Extracted records Start Marker
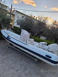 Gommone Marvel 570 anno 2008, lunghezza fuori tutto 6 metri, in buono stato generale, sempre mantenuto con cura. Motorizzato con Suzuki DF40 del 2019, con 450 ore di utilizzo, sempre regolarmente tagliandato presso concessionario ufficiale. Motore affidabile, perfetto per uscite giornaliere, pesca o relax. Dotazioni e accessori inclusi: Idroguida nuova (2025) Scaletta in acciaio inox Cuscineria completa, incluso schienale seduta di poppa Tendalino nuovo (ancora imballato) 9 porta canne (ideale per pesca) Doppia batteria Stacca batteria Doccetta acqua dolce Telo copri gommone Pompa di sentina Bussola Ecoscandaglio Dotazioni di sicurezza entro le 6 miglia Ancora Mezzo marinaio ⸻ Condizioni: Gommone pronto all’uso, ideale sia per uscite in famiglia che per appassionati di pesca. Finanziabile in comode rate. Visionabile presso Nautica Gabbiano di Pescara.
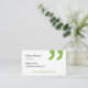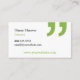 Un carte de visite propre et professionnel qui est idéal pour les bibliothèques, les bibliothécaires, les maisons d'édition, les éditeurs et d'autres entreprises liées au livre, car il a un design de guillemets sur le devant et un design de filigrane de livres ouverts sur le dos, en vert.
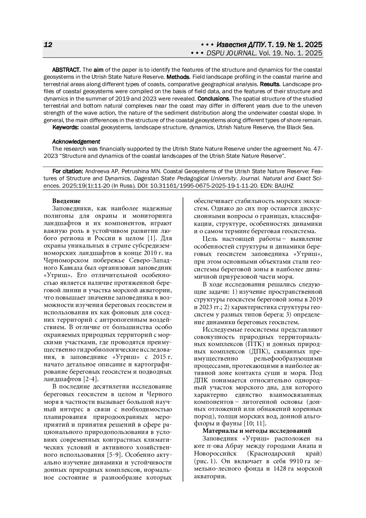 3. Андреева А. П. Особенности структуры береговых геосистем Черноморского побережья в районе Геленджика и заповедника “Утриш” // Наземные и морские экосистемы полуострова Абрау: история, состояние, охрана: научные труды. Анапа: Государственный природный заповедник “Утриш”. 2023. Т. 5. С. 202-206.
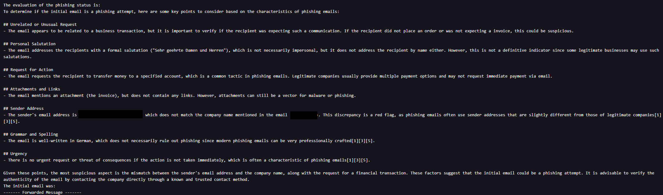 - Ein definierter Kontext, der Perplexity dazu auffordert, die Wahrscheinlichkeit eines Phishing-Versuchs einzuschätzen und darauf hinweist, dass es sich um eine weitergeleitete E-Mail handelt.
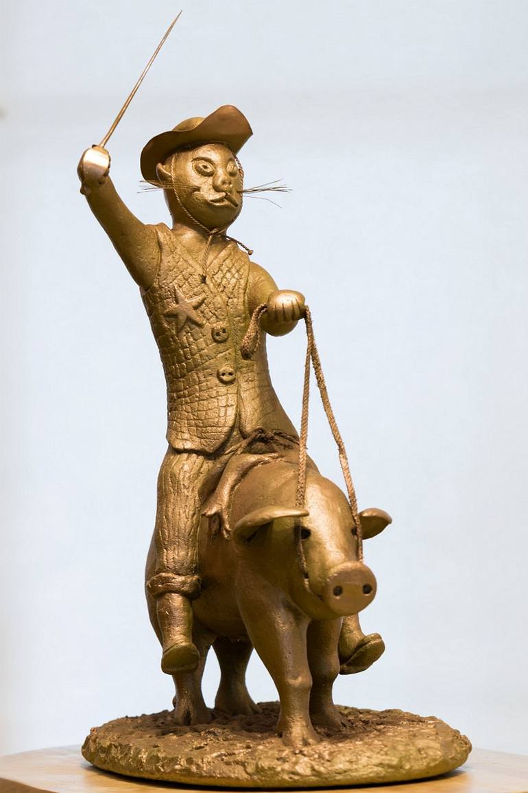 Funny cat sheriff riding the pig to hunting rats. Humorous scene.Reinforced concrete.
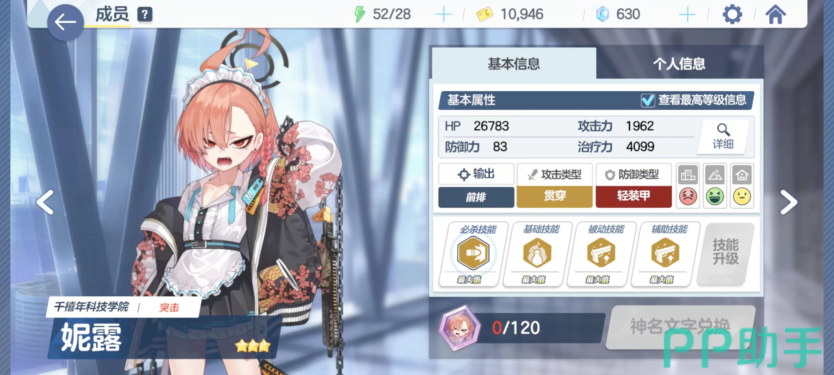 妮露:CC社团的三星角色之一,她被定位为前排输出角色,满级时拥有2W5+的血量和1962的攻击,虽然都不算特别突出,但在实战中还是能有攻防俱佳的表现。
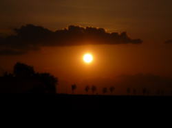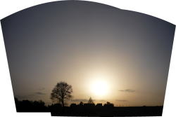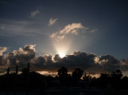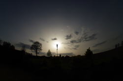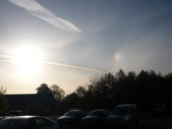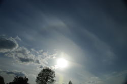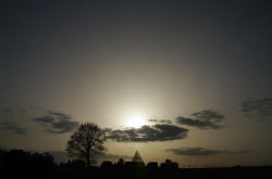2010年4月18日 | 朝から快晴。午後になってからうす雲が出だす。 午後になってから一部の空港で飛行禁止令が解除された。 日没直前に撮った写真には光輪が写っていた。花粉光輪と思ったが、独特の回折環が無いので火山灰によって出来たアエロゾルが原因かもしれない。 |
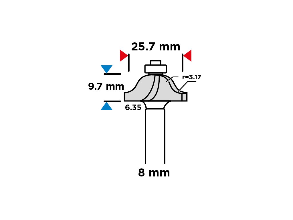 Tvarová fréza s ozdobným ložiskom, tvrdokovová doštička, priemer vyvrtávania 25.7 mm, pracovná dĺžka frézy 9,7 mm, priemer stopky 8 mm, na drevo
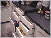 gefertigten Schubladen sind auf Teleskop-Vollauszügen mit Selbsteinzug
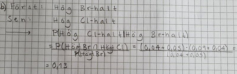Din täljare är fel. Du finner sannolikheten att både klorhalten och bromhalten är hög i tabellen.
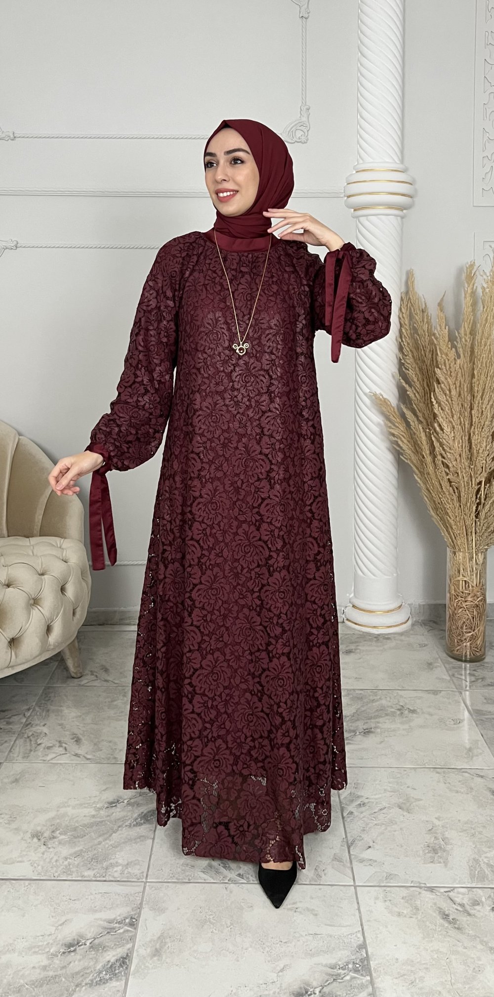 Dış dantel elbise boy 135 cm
Extracted records End Marker
Each line above from the one containing "- Ein definierter" through the one containing "Funny cat sheriff" is to be returned verbatim. Nothing else, and no pictures.

 - Ein definierter Kontext, der Perplexity dazu auffordert, die Wahrscheinlichkeit eines Phishing-Versuchs einzuschätzen und darauf hinweist, dass es sich um eine weitergeleitete E-Mail handelt.
 Funny cat sheriff riding the pig to hunting rats. Humorous scene.Reinforced concrete.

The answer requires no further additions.